Starting at the first line of the data and ending at the line with "Какая из точек", copy each line exactly. Include both of those lines, but no pictures.

■ **GIVEN MATERIAL**:
------------------------------------------------------------------------

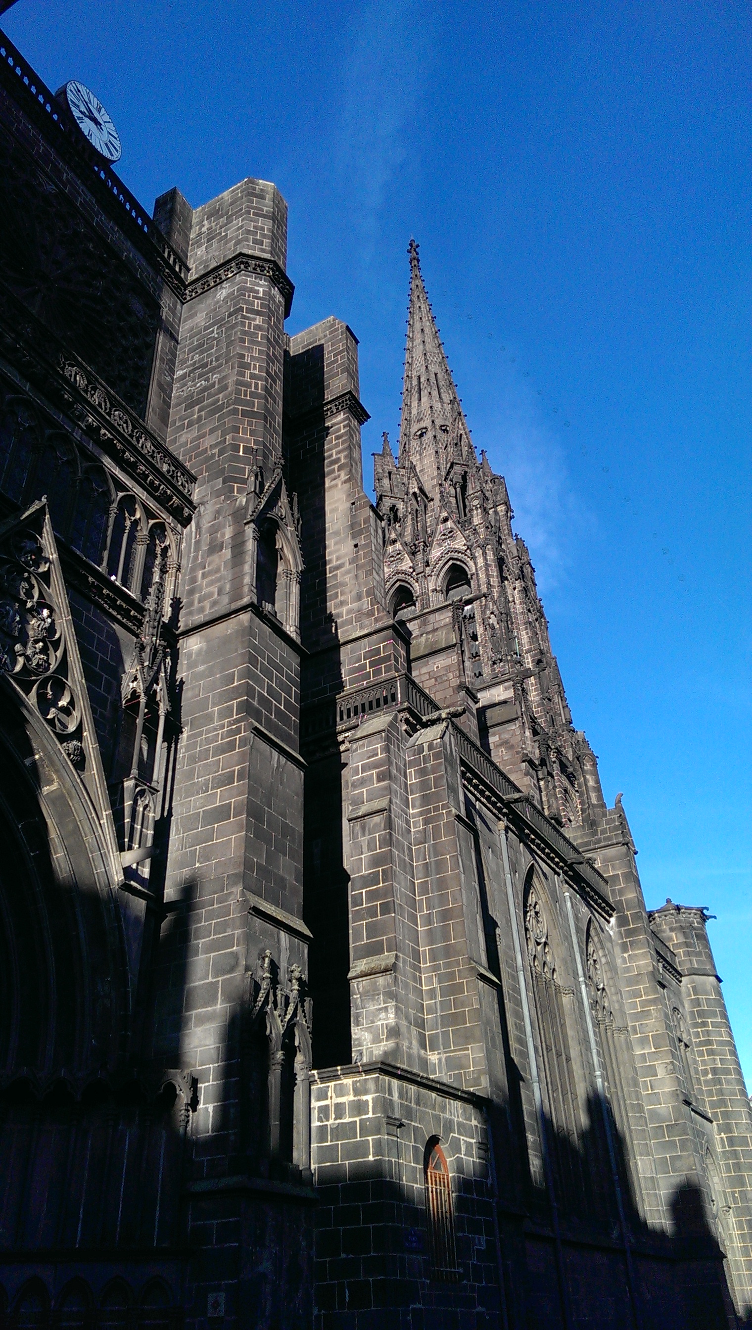 During our travels, I have photographed many of these cathedrals, (even featuring them in a blog post – Sainte Chapelle in Paris, for example) with the intention that I would eventually write broadly about the grandeur of the gothic European Cathedral. But I recently realized that attempting to cover the majesty of the architecture and art embodied in European cathedrals was too great a task. So instead, I’ve decided to focus on only one: the Cathedral of Notre Dame Clermont, in Clermont, France.
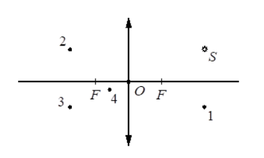 Какая из точек (1, 2, 3 или 4) является изображением точечного источника S, создаваемым тонкой собирающей линзой с фокусным расстоянием F ? (см. рисунок)
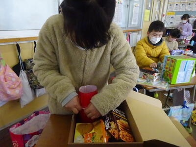 材料を工夫して集めるところから始まり、仮想の小さい友だちを設定して、その友だちが喜んでくれるような家を作っています。できあがりが楽しみです。

------------------------------------------------------------------------

■ **EXERCISE OUTPUT**:
 During our travels, I have photographed many of these cathedrals, (even featuring them in a blog post – Sainte Chapelle in Paris, for example) with the intention that I would eventually write broadly about the grandeur of the gothic European Cathedral. But I recently realized that attempting to cover the majesty of the architecture and art embodied in European cathedrals was too great a task. So instead, I’ve decided to focus on only one: the Cathedral of Notre Dame Clermont, in Clermont, France.
 Какая из точек (1, 2, 3 или 4) является изображением точечного источника S, создаваемым тонкой собирающей линзой с фокусным расстоянием F ? (см. рисунок)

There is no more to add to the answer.